ECLI:NL:HR:2020:819
Hoge Raad
- Cassatie
- Rechtspraak.nl
Cassatie over ambtshalve vermindering aanslag inkomstenbelasting en bezwaarprocedure
In deze zaak heeft de Hoge Raad op 1 mei 2020 uitspraak gedaan in een cassatieprocedure die was aangespannen door de Staatssecretaris van Financiën tegen een uitspraak van de Rechtbank Zeeland-West-Brabant. De zaak betreft een geschil over de ambtshalve vermindering van een aanslag in de inkomstenbelasting/premie volksverzekeringen (IB/PVV) voor het jaar 2013. Belanghebbende had in 2015 een aanslag ontvangen, maar diende in 2017 een herziene aangifte in, die door de Inspecteur werd aangemerkt als een verzoek om ambtshalve vermindering. De Inspecteur stelde het verzamelinkomen vast op een lager bedrag, maar dit leidde niet tot een lagere aanslag.

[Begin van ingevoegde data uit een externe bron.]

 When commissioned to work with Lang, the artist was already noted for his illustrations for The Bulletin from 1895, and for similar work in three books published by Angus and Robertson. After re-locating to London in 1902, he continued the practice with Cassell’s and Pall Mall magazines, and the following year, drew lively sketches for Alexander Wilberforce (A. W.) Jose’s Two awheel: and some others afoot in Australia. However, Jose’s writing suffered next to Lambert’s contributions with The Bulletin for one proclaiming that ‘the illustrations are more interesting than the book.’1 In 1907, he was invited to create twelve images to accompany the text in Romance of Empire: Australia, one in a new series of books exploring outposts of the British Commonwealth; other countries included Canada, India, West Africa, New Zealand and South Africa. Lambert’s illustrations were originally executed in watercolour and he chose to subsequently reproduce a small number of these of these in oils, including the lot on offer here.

Belanghebbende ging in beroep tegen de beschikking van de Inspecteur, maar de Rechtbank verwierp het verzet tegen de uitspraak van 15 maart 2018, waarin de Rechtbank had geoordeeld dat de Inspecteur niet volledig aan het verzoek om ambtshalve vermindering had voldaan. De Hoge Raad oordeelde echter dat de beschikking van de Inspecteur niet kon worden aangemerkt als een afwijzing van het verzoek om ambtshalve vermindering, en dat het beroepschrift niet als bezwaar kon worden behandeld. De Hoge Raad verklaarde het beroep in cassatie gegrond, vernietigde de uitspraak op verzet en de uitspraak van de Rechtbank, maar alleen voor zover deze de Inspecteur opdroeg het beroepschrift als bezwaarschrift in behandeling te nemen.

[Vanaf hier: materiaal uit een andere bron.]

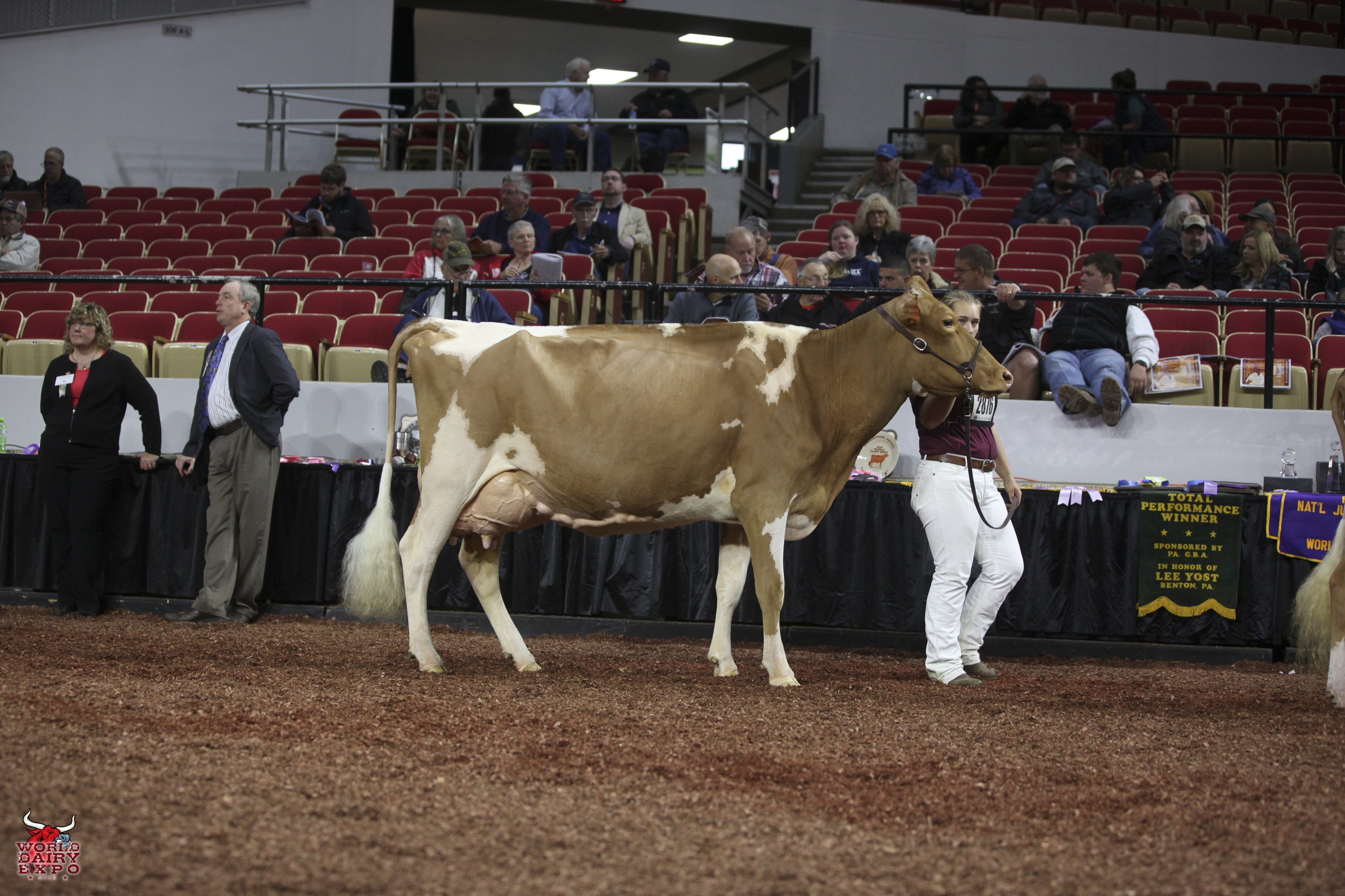 Intermediate Champion of the International Jersey Show was Julie-Ann Tequila Asia, the winning Yearling Heifer in Milk, and was shown by Analise Stover of Carlisle, Pa. Fire-Lake Premier Meg, shown by Joshua, Hannah, Nicole and Rebecca Sanders of Hilmar, Cali., was selected as Reserve Intermediate Champion.
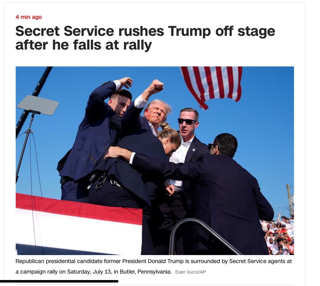 [ALERTE] il y a une 2e victime, la balle qui a frôlé l'oreille de Trump (ou une autre) aurait malheureusement tué quelqu'un dans la foule
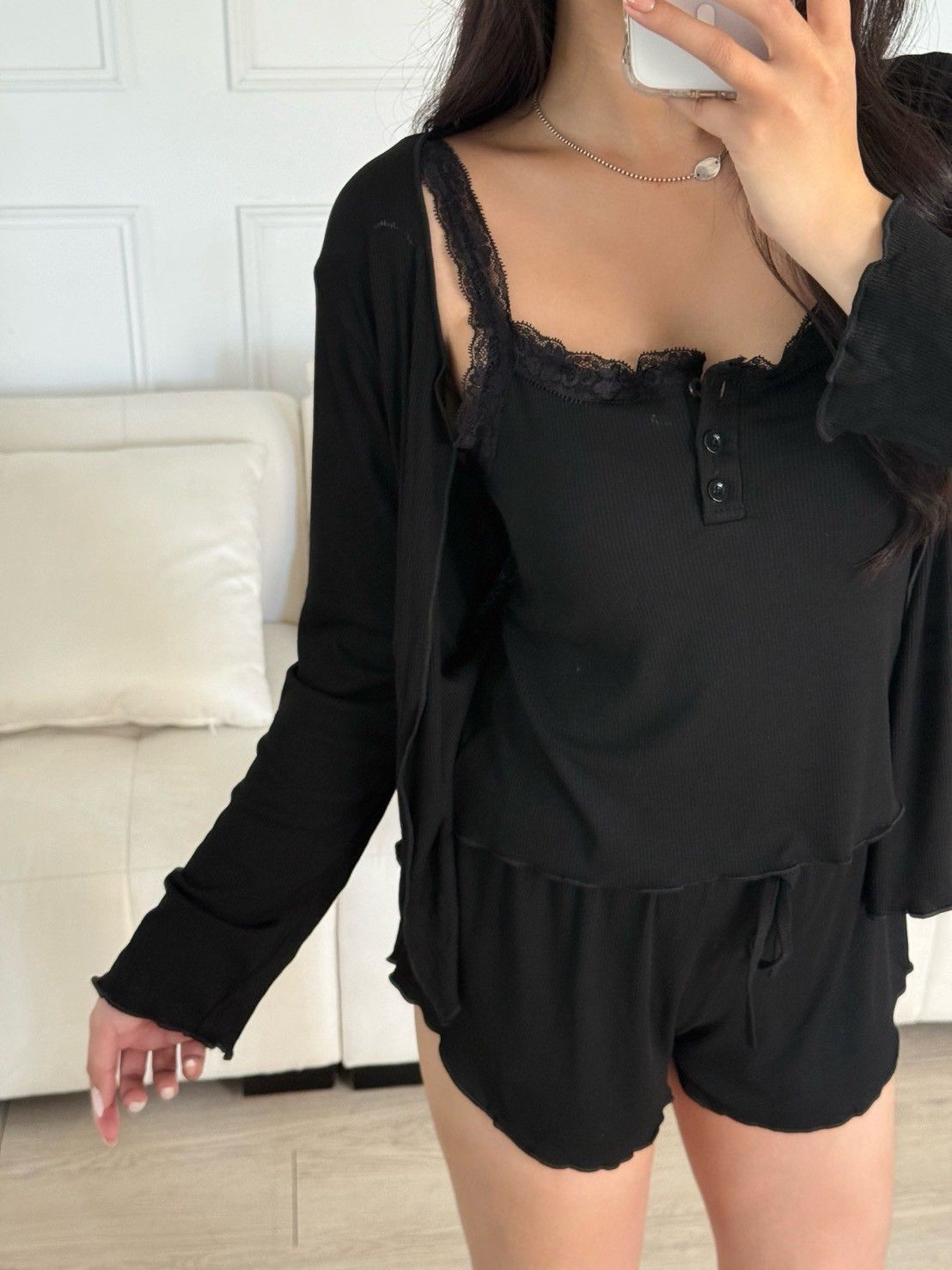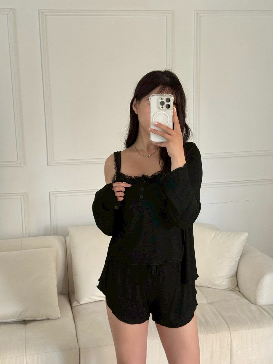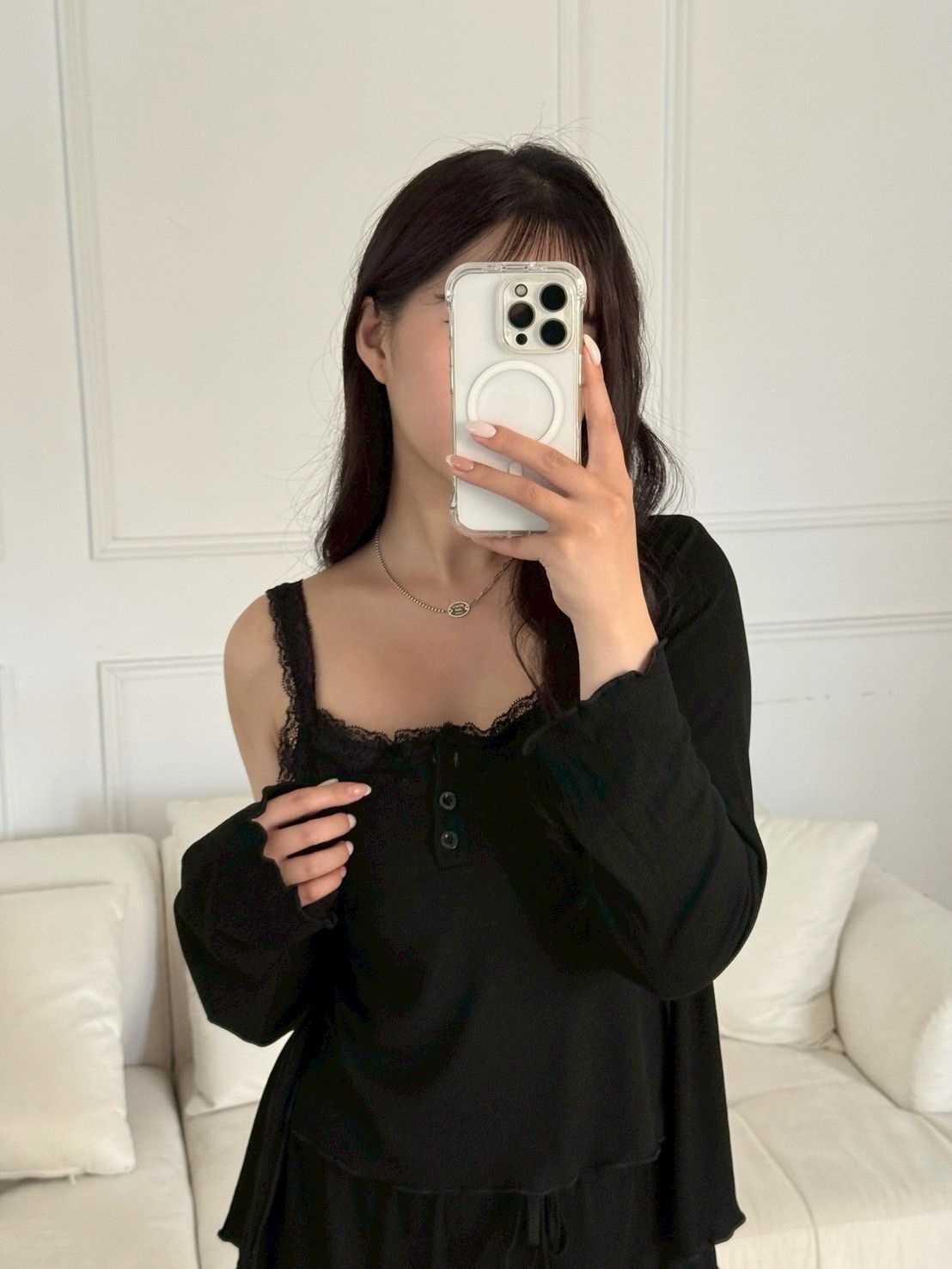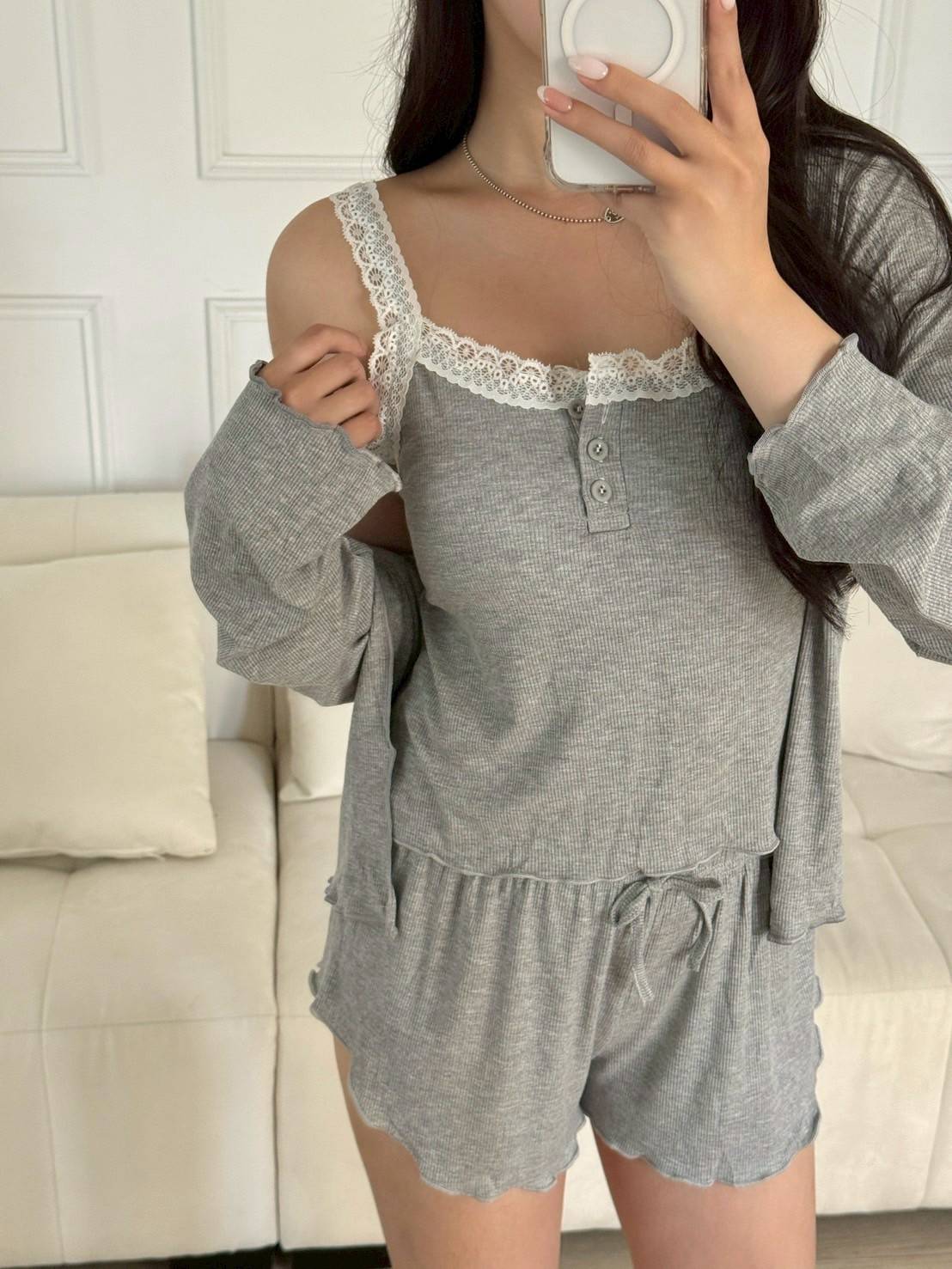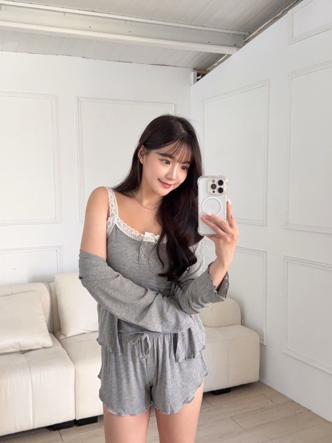 睡衣派對 可鹽可甜蕾絲滾邊帶Bra舒適睡衣Set (2colors) #Z22

De Hoge Raad concludeerde dat de uitspraak van de Rechtbank niet in stand kon blijven en dat er geen aanleiding was voor een veroordeling in de proceskosten. Dit arrest is gewezen door de raadsheren M.A. Fierstra, J. Wortel en A.F.M.Q. Beukers-van Dooren, en openbaar uitgesproken op 1 mei 2020.